Peh_Intel · ‎11-16-2021

Hi datapro,

Thanks for sharing additional models that can produce good results. Yes, I totally agree with you that some work to be done in order for the Real-ESRGAN model to produce good results.

All these shared models are much helpful for our developers to explore and validate with OpenVINO. However, I cannot comment on their roadmap.

As such, I would like to request for the case closure as there is nothing else I can provide for these Super Resolution models at the current stage.

Regards,

Peh

View solution in original post

Peh_Intel · ‎11-08-2021

Hi datapro,

Thanks for reaching out to us.

I downloaded pre-trained models: RealESRGAN_x4plus.pth and convert the model into ONNX model by running pytorch2onnx.py script. Next, I converted the ONNX model to IR model by running Model Optimizer without specifying any parameter.

However, I unable to proceed the inferencing with the ONNX and IR model as the inferencing methods (Portable executable files and inference_realesrgan.py) in the GitHub repository does not support these model format.

Please share your inferencing method, which allow you to run ONNX and IR model with us to replicate from our side.

Regards,

Peh

datapro · ‎11-08-2021

Hello Peh

Here's the code I used.

Here is model structure code

import torch
import functools
from torch import nn as nn
from torch.nn import functional as F

def pixel_unshuffle(x, scale):
    """ Pixel unshuffle.
    Args:
        x (Tensor): Input feature with shape (b, c, hh, hw).
        scale (int): Downsample ratio.
    Returns:
        Tensor: the pixel unshuffled feature.
    """
    b, c, hh, hw = x.size()
    out_channel = c * (scale**2)
    assert hh % scale == 0 and hw % scale == 0
    h = hh // scale
    w = hw // scale
    x_view = x.view(b, c, h, scale, w, scale)
    return x_view.permute(0, 1, 3, 5, 2, 4).reshape(b, out_channel, h, w)

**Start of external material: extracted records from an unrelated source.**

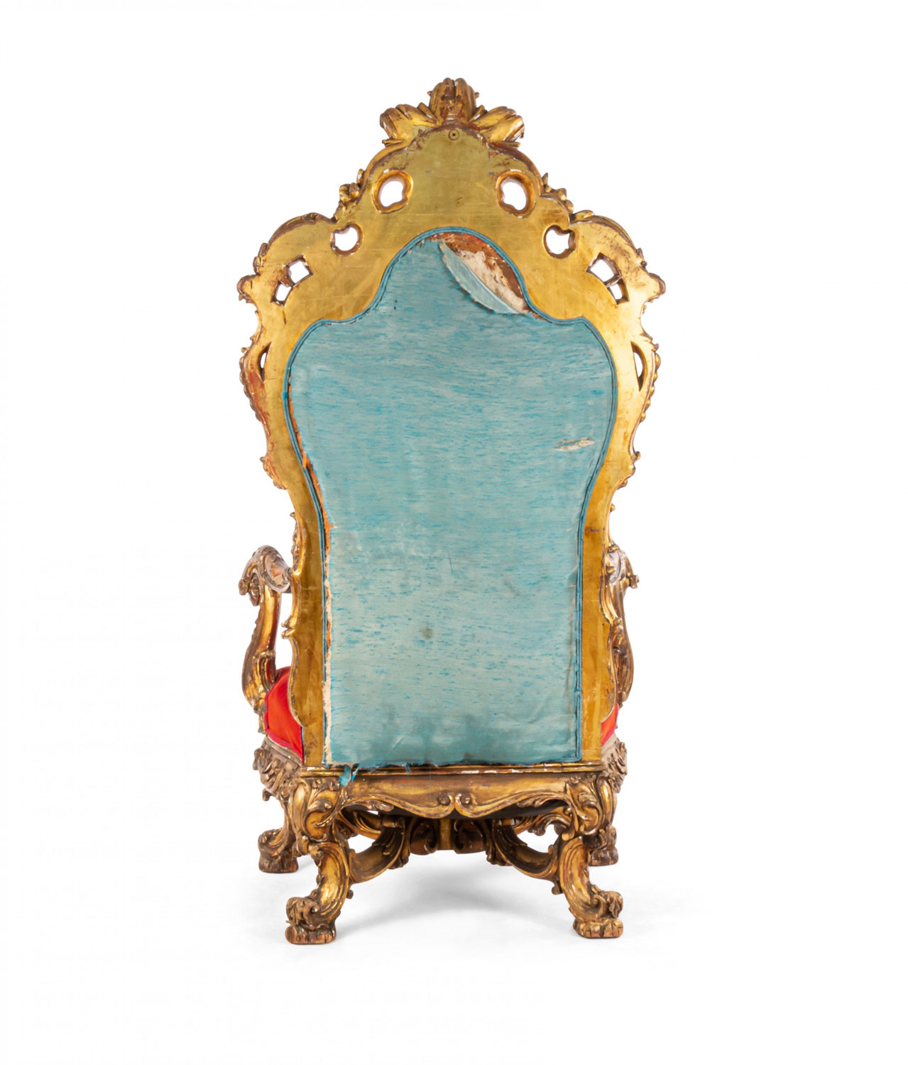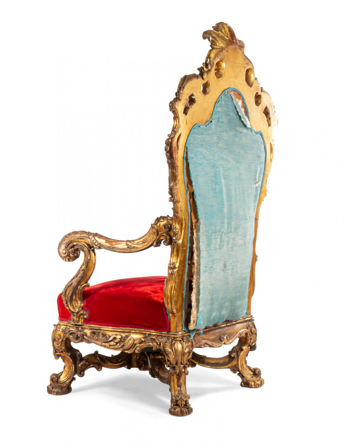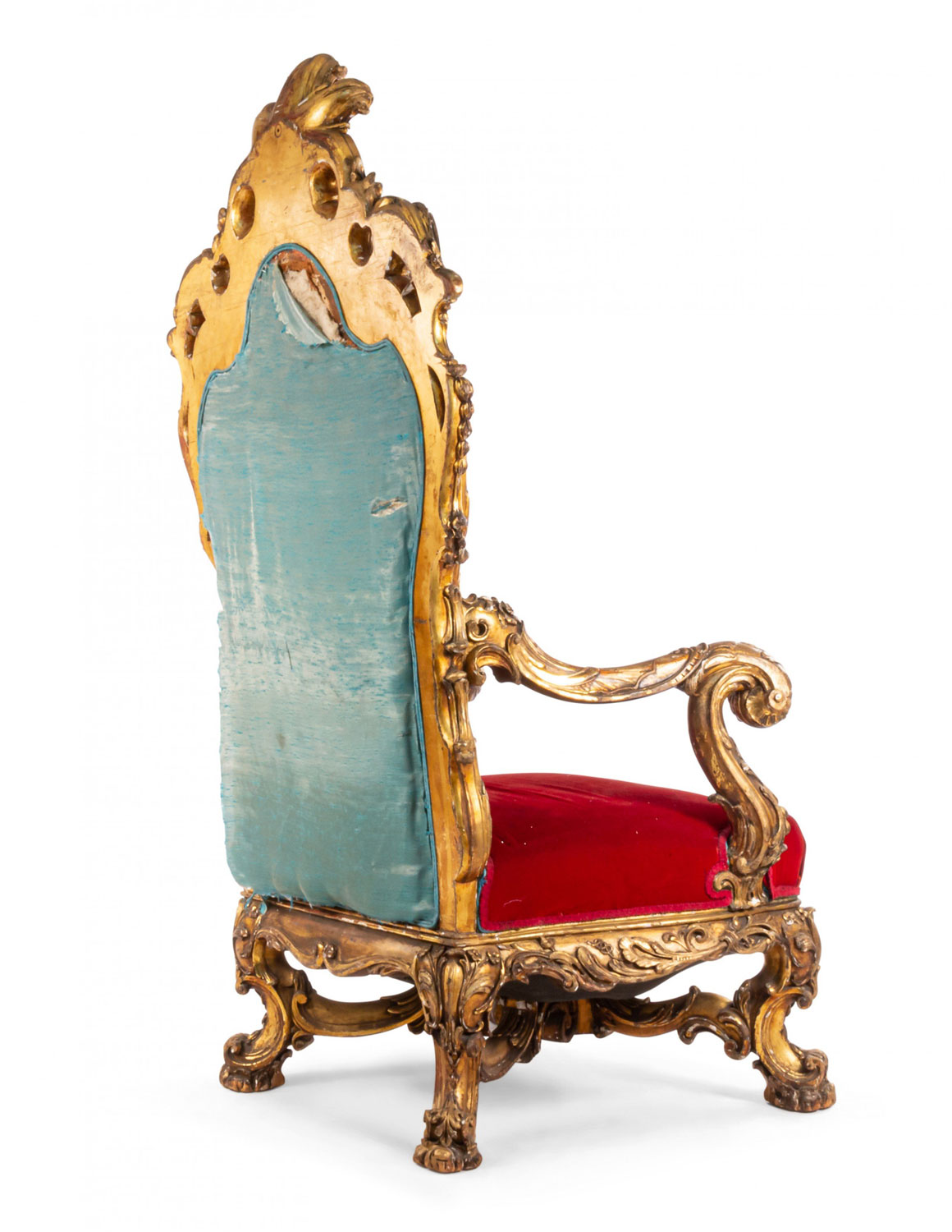 French Regence style (19th Cent) gilt throne chair with carved back crest and stretcher with red velvet upholstery.
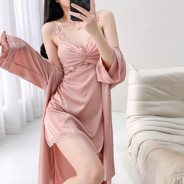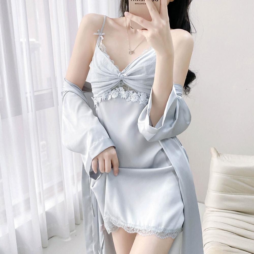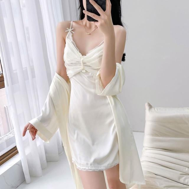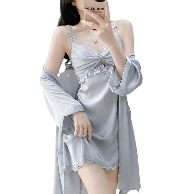 🎌日本工藝&柔軟親膚💨 純欲風帶胸墊性感誘惑吊帶睡裙冰絲睡衣女蕾絲短裙家居服春夏秋季
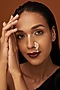 House of Aster presents a gold finish nose ring studded with zircons, set in mixed metal. This nose ring is a testament to refined taste and timeless style, ideal for festive occasions or wedding ceremonies.
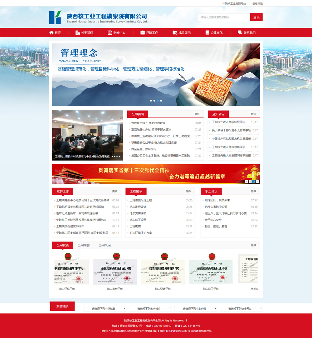 陜西核工業(yè)工程勘察院有限公司,現為中陜核工業(yè)集團公司(原陜西省核工業(yè)地質(zhì)局)旗下全資子公司,于1985年組建。是一個(gè)以工程勘察、地質(zhì)災害防治、土地整治和環(huán)境治理為核心業(yè)務(wù)的專(zhuān)業(yè)化技術(shù)密集型企業(yè)。
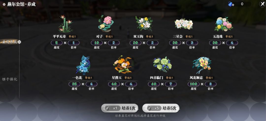 总计有九种不同牌型,每种牌型有不同的基础甜度和基础倍率值,少侠可通过在局外消耗“燕尔养花壶”提升牌型等级,提高各个牌型的基础甜度和倍率。
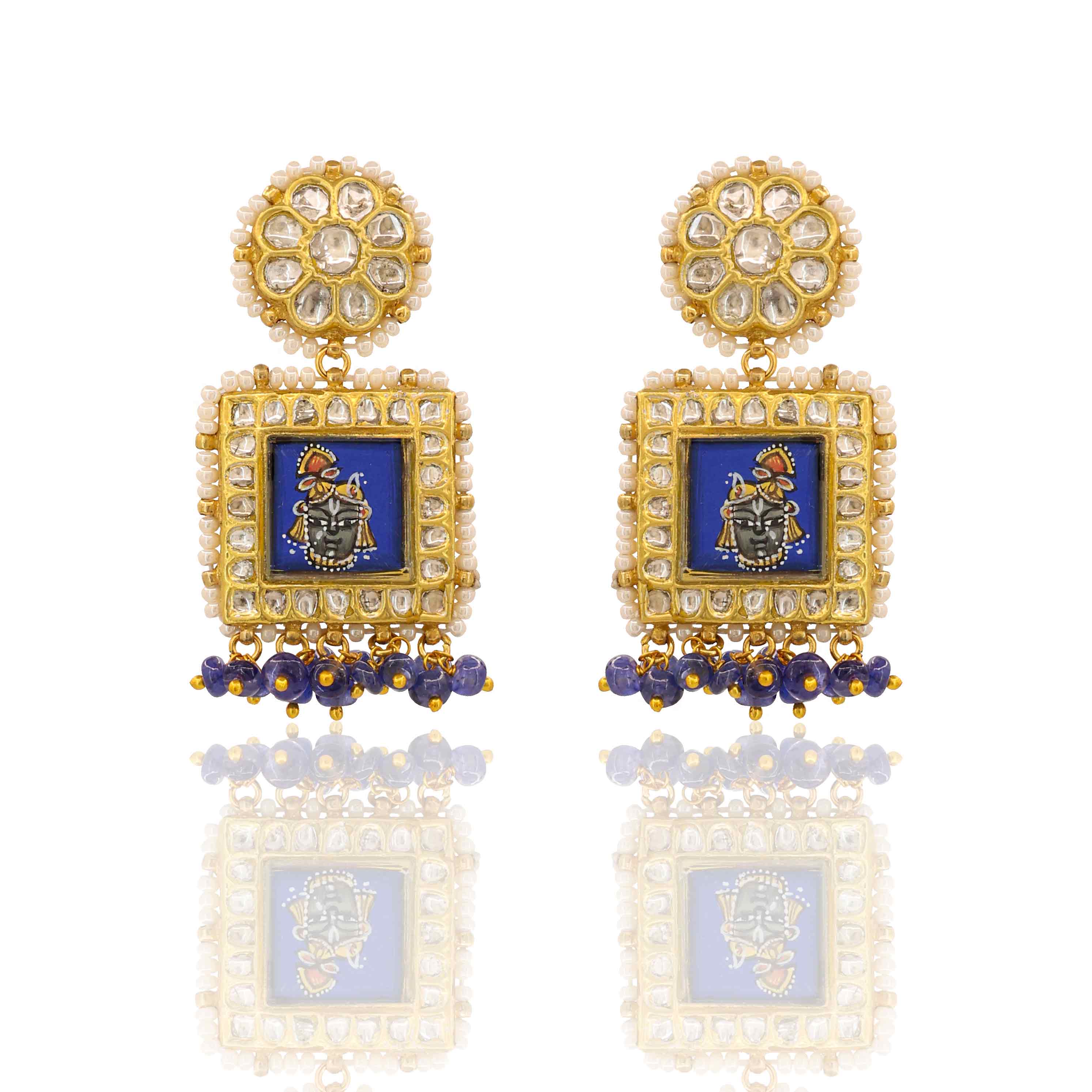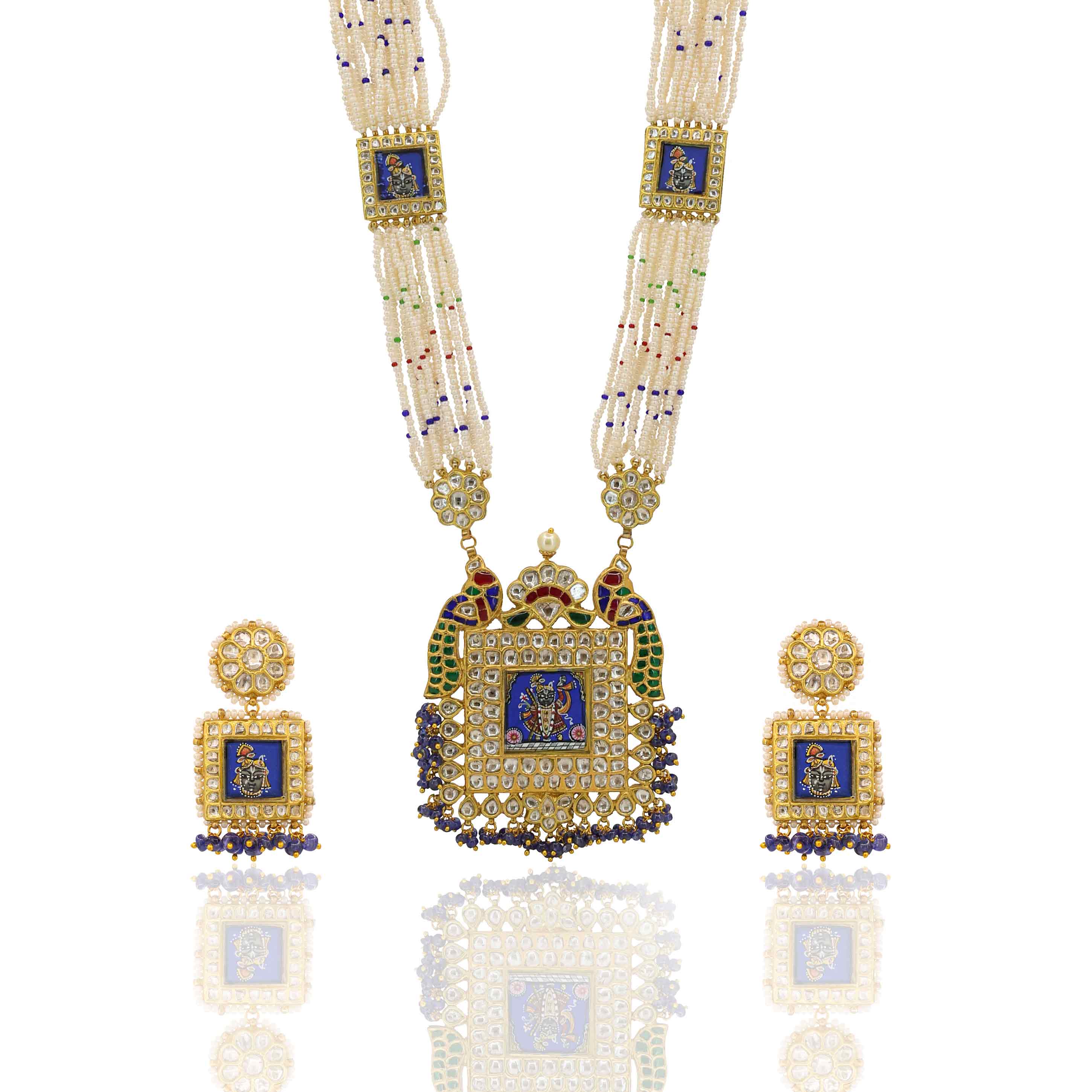 A Regal Shreenath Ji Pendant Set in gold, featuring natural Polki diamonds, ruby, emerald, and blue tanzanite. The pendant is strung on multi-layered pearl and colored bead strands, complemented by matching earrings.

def make_layer(basic_block, num_basic_block, **kwarg):
    """Make layers by stacking the same blocks.
    Args:
        basic_block (nn.module): nn.module class for basic block.
        num_basic_block (int): number of blocks.
    Returns:
        nn.Sequential: Stacked blocks in nn.Sequential.
    """
    layers = []
    for _ in range(num_basic_block):
        layers.append(basic_block(**kwarg))
    return nn.Sequential(*layers)


class ResidualDenseBlock(nn.Module):
    """Residual Dense Block.
    Used in RRDB block in ESRGAN.
    Args:
        num_feat (int): Channel number of intermediate features.
        num_grow_ch (int): Channels for each growth.
    """

    def __init__(self, num_feat=64, num_grow_ch=32):
        super(ResidualDenseBlock, self).__init__()
        self.conv1 = nn.Conv2d(num_feat, num_grow_ch, 3, 1, 1)
        self.conv2 = nn.Conv2d(num_feat + num_grow_ch, num_grow_ch, 3, 1, 1)
        self.conv3 = nn.Conv2d(num_feat + 2 * num_grow_ch, num_grow_ch, 3, 1, 1)
        self.conv4 = nn.Conv2d(num_feat + 3 * num_grow_ch, num_grow_ch, 3, 1, 1)
        self.conv5 = nn.Conv2d(num_feat + 4 * num_grow_ch, num_feat, 3, 1, 1)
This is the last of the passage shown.